[Too]

I hope you are not referring to things like errno? Because it, just like a returned error, must be checked after every call that might set it, before you know if you can safely proceed with the next.

Otherwise, what happens when you keep calling functions and there already is an error present? Are all functions implemented with if(errno) return null guards at the top? That's putting a lot of trust into global state and library writers. How do you know which functions become noops and which continue working in state of error?

Additionally, that would be a debugging nightmare, because if you keep calling functions before examining the error, how do you know which call introduced the error first?

[jstimpfle]

> how do you know which call introduced the error first

You don't. You can't. You don't want to.

Take read()/write() for example. If you look into the kernel, it's physically impossible to name a function call that "introduced" the error. If you do a write() that will simply copy some memory into the buffer, and the syscall returns. When pages are flushed out to storage later, an error might be reported from storage asynchronously. The error is bubbling back at some point, at some syscall related to the file, but the error has nothing to do with that syscall necessarily. The error you get back could even be "caused" by a write to the same file but from a different process.

So it's perfectly reasonable that the FILE API, which wraps read()/write(), simply stores returned errors in the FILE Handle. Distributed systems are a perfect application for objects that do error isolation.

[Too]

Delayed error ack is a completely orthogonal issue. Only necessary as a performance workaround, both in the case of unflushed disk buffers, sockets and distributed systems.

Parent presented sticky errors as an effective substitute for exceptions or error codes. Delayed errors is not a way to organize error handling easier, which I believe this topic was about. Delaying the error ack has quite the contrary effect, fail fast whenever possible will always be more accurate. How that surfaces to the caller is the more relevant question.

What happens when the disk is full or disconnected when copying 4GB src file to dst file after 100MB progress? (Yes, this error might occur slightly delayed due to buffers.) You surely don’t want to continue reading the remaining 3.9GB source file and call write() in noop-mode another thousand times in your loop before realizing this error on flush. Adding manual flushing just to check the error both negates the performance from the buffer and introduces extra complexity for a simple error check. Hence, every individual write must be checked regardless.

Such buffers are not infinite either. What do you do when write() fails because the buffer is full (EAGAIN)? Again back to square one of checking each individual write call instead of only checking the final error of flush or close.

[jstimpfle]

If you look around there are lots and lots of objects that are "distributed", or aren't but should be. Synchronicity is often what's killing performance and introducing complexity.

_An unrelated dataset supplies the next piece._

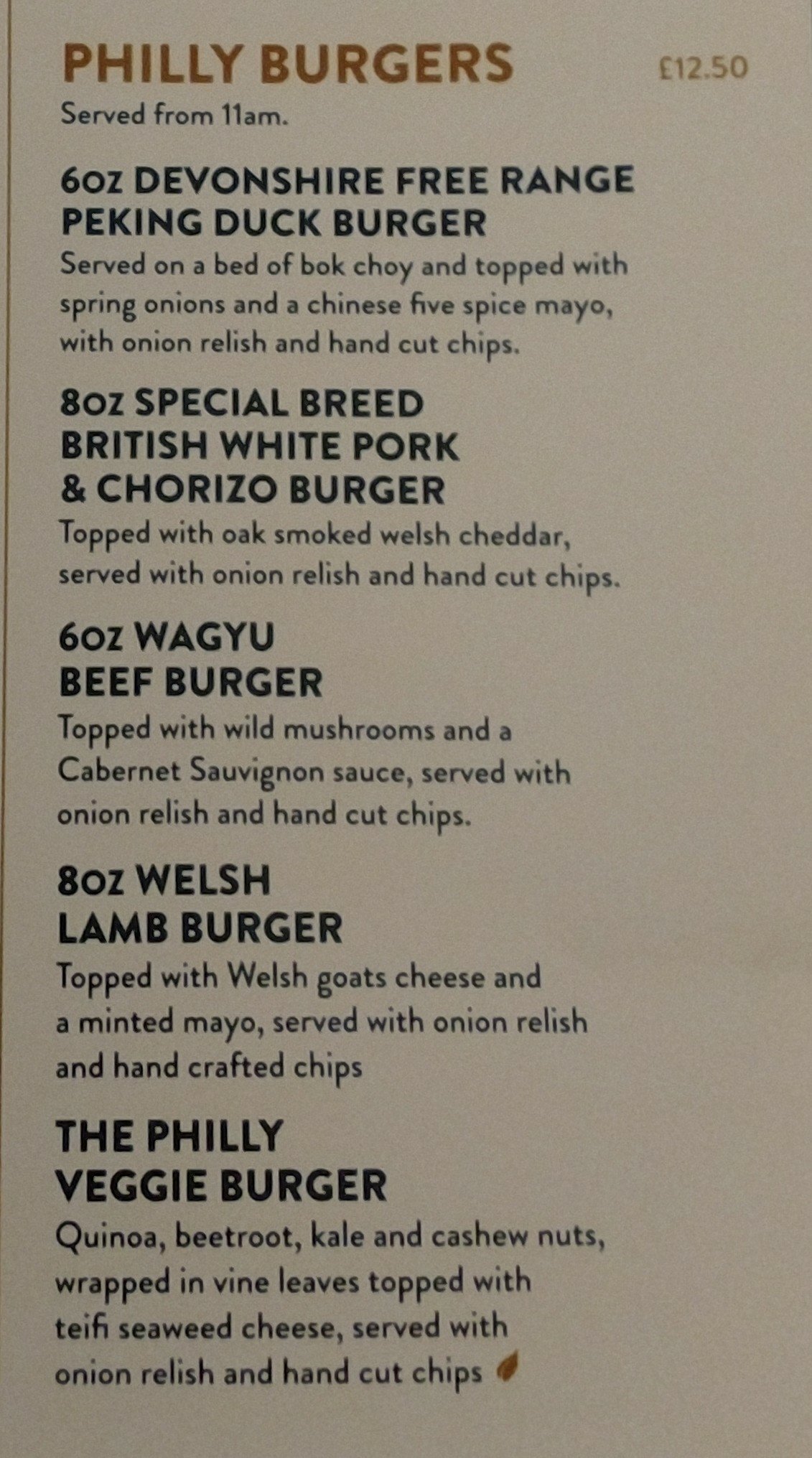 At lunch time, the market is fiercely competitive in Cardiff and if I was looking at spending £10 plus I would probably choose Bar 44 (3 tapas – £11), Asador 44 (£10 – one main course), the Classroom ( 2 courses – £10.50) or the Potted Pig (2 courses for £12, which includes currently a main of a Welsh lamb burger and fries) over the Philly.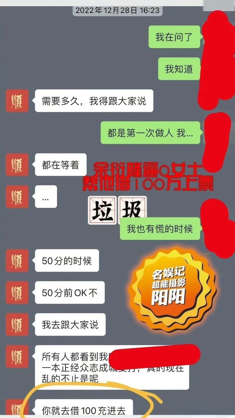 來看看余衍隆和Q女士的聊天記錄,要求對方借100萬,然後再充飽,對方稍微不滿足,他就大罵:你怎麼還沒死!

> You surely don’t want to continue reading the remaining 3.9GB source file and call write() in noop-mode another thousand times in your loop before realizing this error on flush

It can be completely reasonable to back out only at strategic points. Copying a few KB or MB of memory more will rarely matter for an error case that shouldn't be optimized for. If there is an error, you'll typically want to reset a larger context object anyway. It depends on the situation, but by not having to handle the error at first notice, you can sometimes simplify the logic.

> What do you do when write() fails because the buffer is full (EAGAIN)?

EAGAIN is a different beast, it's not a "real" I/O error. With better APIs you retrieve buffers first (often in a different phase), removing this class of errors completely. But you can mostly just ignore EAGAIN anyway. It's a transient error (or not an error at all, really) that simply tells you the reason why zero bytes were written.

With fwrite(), not sure if it is well specified how it should interact with non-blocking FDs and EAGAIN. Probably it doesn't even allow you to distinguish between EAGAIN and I/O errors. It could also be an option to return a short write in this case (but I believe fwrite() needs to set either the error of EOF flag if it returns a short write). I also think fwrite() is largely not used with non-blocking FDs.

[properparity]

Yes like errno, except not global of course, you add one per struct/context/module/thread/whatever. And you design the functions to early return if the error state is set.

>how do you know which call introduced the error first?

You rarely care about that but if you do you either make the error state stick to the first error, or as I said, make it a list you can append multiple errors to.